Laboratory Information Management System (and other heterogeneous data management)

A LIMS tracks all the laboratory operations on a biological sample. Where does it come from? How was it preprocessed? Which instrument did it go through? And which analysis steps were performed? What (and where) are the analysis results? This information is crucial for proof, audit, reproducibility, etc. and an efficient LIMS platform is a Grail for most laboratories.

If such platforms are not a new need, their actual implementations raise recurrent problems in the lab. Reality is often, at best, an assembly of custom and third party software. In fine, the scientist often falls back on his paper lab notebook as the single source of truth.

Technical background and issues in life science information systems

Stepping back from particular domain silos, we discussed how life science actors are facing recurring issues from an information system perspective. Let's now try to identify some of the reasons underlying those patterns and the different dimensions in which they occur. We'll finally realize how similar those aspects are to other domains and how lessons learned in other industries could be applied in life science.

Software development culture in life science

Let's consider the software development culture as the overall environment in which digital projects are built. It encompasses low level aspects, like programming languages and tools used by developers, but also processes, relationships with customers (aka the wet lab scientists) and within the development teams. Last but not least, it also covers how upper management envisions the information system at the organization scale.

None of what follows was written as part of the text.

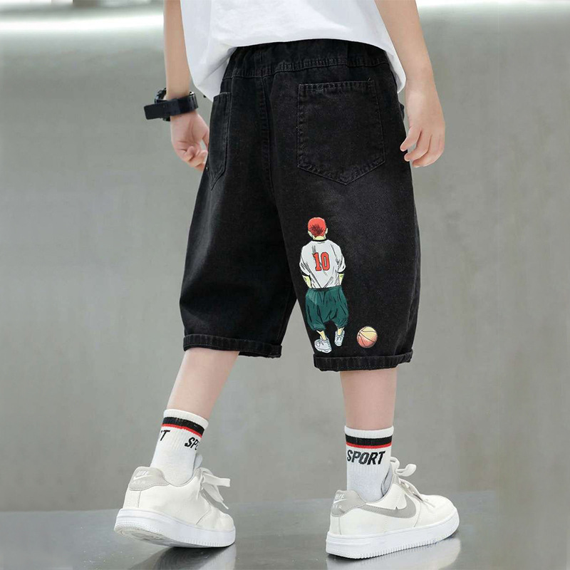 남학생 데님 바지 여름 반바지 더피 잘 생긴 큰 아이들 잘 생긴 스포츠 바지 아이들의 트렌디 한 바지스토어 가기

Why is life science so special?

Because dry geeks (the ones with a strange look and a keyboard) have to talk to wet geeks (the ones with a strange look and a white coat). And also because trying to understand biological phenomena can be incredibly complex and always drives people into unforeseeable journeys.

Because of its culture, the life science digital ecosystem is original. A key factor is the porosity between academic and private companies and the historical importance of one's scientific knowledge to be recognized by his peers. This leads to situations where a large proportion of software development players, at all levels, are former biology or chemistry trained people (with a strong inclination towards a keyboard, indeed).

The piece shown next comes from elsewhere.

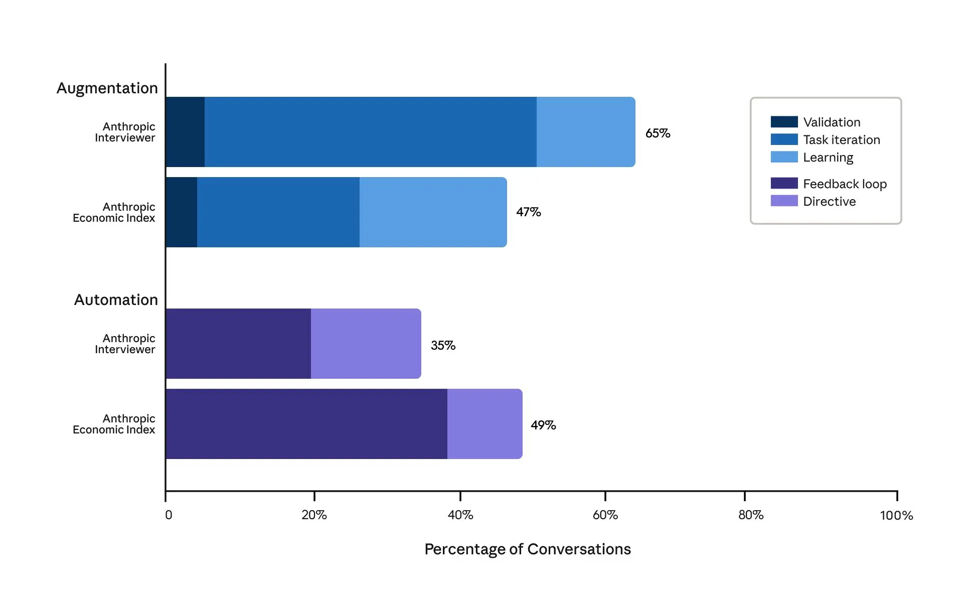 In a previous analysis, we categorized AI uses into either augmentation (where AI collaborates with a user to perform a task), or automation (where AI directly performs tasks). In the Anthropic Interviewer data, 65% of participants described AI’s primary role as augmentative; 35% described it as automative. Notably, this differed from our latest analysis of how people use Claude, which showed a much more even split: 47% of tasks involved augmentation and 49% automation. There are multiple potential explanations for this difference:

When the time comes to selecting a new hire, the balance often tips towards a biology fluent person with IT knowledge rather than towards a hard core software engineer, architect or manager, with proven abilities to dialog with people outside of her domain. Some companies try to counter that trend, but unfortunately "mirror hiring" is a natural tendency for most of us [ [20].

Technical bottlenecks

Understanding the culture can prove to be illuminating to understand the ecosystem, but it hardly is a factor one can directly influence. However, we can highlight technical aspects, identify axes along which common situations could be improved. In the last section, we will see how to actually cope with them.

Software culture: the foundations

As we saw earlier, software people in life science are often wet lab "defectors". Driven by domain knowledge, a backend developper is commonly more recognized by her peers when she can explain the intricacy of methylation X or Y in the chromatin rather than having deeper arguments on a sound decoupled software architecture. Well, that's a side effect of life science being ruled by life scientists (which is, for plenty of other reasons, a very good thing).

In consequence, programming language adoption, frameworks, libraries, methodology, testing, tooling and continuous building can be very far away from the state of art.

Software culture: new technologies

Hadoop, reactive programming, actors, modern web frontend, DevOps, cloud... These are not only hype words (again!). All these technologies could have been invented for life science purposes, as they perfectly answer many practical problems.

However, their adoption level is way below their promises. This is partly due to reasons described in the previous paragraphs, but we can also admit that these solutions are scary. To make the matter worse, various implementations are continuously appearing and fading away, sometimes entangled in each others. As a matter of fact, these technologies are looked at with fear and envy, like strange, dangerous but promising new worlds.

Without engaging in a long discussion on the topic, we can still make one last observation. The fantastic innovation level in the lab methods, the imagination demonstrated when designing a new drug are far more disruptive than changing an IT technology. Why don't we find in the IT system of life science the creativity and disruptiveness one handles when creating drugs?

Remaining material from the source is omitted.